Stirling's first architectural accomplishments came in partnership with James Gowan from 1955 to 1963. Jointly they designed the highly acclaimed Leicester University Engineering Building.

A number of other successful projects followed for Stirling: the Cambridge University History Faculty Building (1964-67), the Residential Expansion of St. Andrew's University in Scotland (1964-68), and Queen's College, Oxford's Florey Building (1966-71).

Stirling's British jobs dried up after the Florey Building, but he found a more receptive audience in West Germany. To date, the Germans have comissioned 10 works from Stirling and his partner since 1971, Michael Wilford.

The most highly regarded of Stirling's West German works is the Neue Staatsgalerie in Stuttgart.

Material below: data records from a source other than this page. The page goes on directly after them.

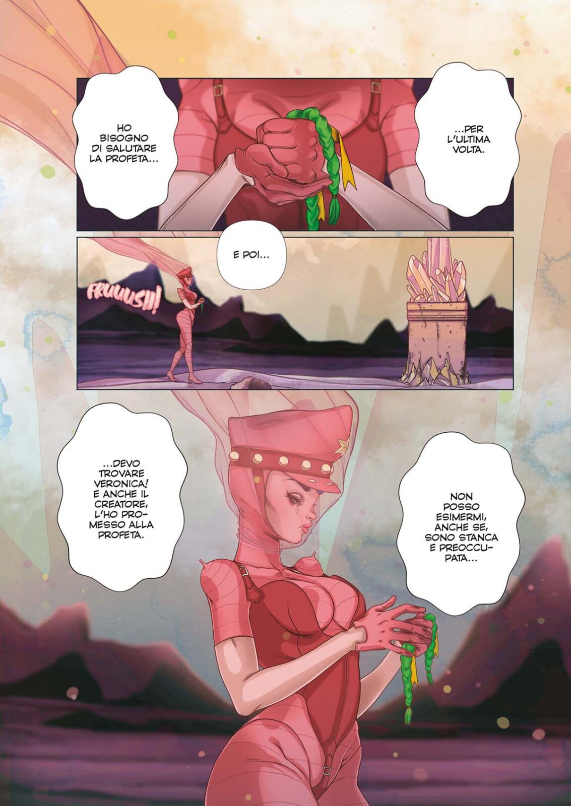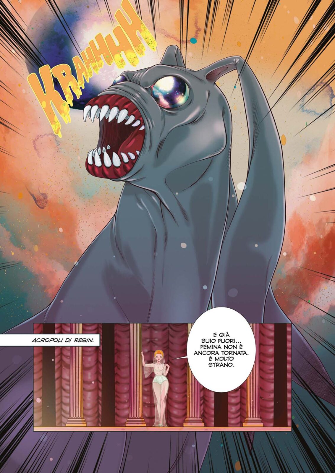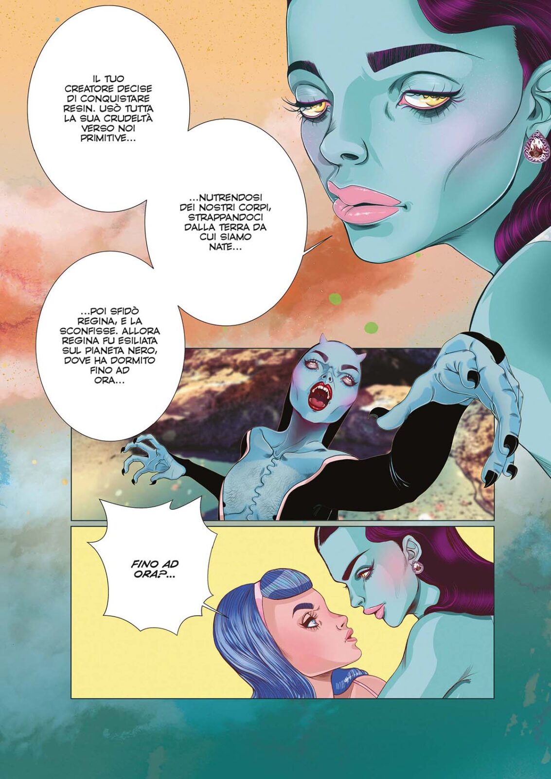 Veronica, allontanatasi da Resin, scopre un luogo inesplorato del Pianeta dove si imbatte in feroci animali che non aveva mai visto. Intanto all’Acropoli vige il lutto per la Somma Profeta di Resin, morta sotto il crollo del monte Janka. Mentre Femina onora la tomba della Profeta, farà la conoscenza di uno strano animale col quale partirà alla ricerca di Veronica verso la parte inesplorata di Resin, dove incontrerà le Primitive, una tribù autoctona…Ma chi sono in realtà la Primitive? Cosa sveleranno a Femina riguardo la nascita delle Amazzoni e del loro scomparso Creatore? Il viaggio di Femina continua alla ricerca della verità.
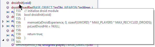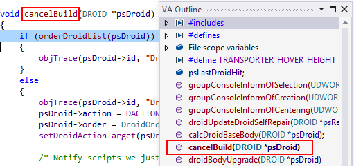 As you move through source, the entry in the VA Outline corresponding to your current scope appears bold.
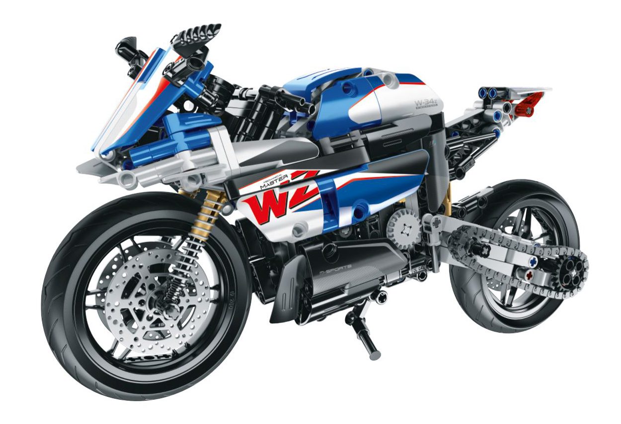iM.Master Stavebnice motorka modrá. Rozměry 32,4x17x11 cm. 542 dílků. Otáčecí zadní kolo s řetězem, fungující zadní tlumič.

Avant-garde critics of architecture have lauded the new museum addition.

Stirling has had some exposure in the United States as well. Besides teaching architecture as a visiting critic at Yale, he designed M.D. Anderson Hall at Rice University, completed in 1981.

Plans for a Columbia University chemistry building which he designed are currently on hold, but his Cornell University Performing Arts Center is expected to be completed next year.

Stirling has won several distinguished architectural awards, including the British Royal Gold Medal for Architecture in 1980 and the $100,000 Pritzker award in 1981.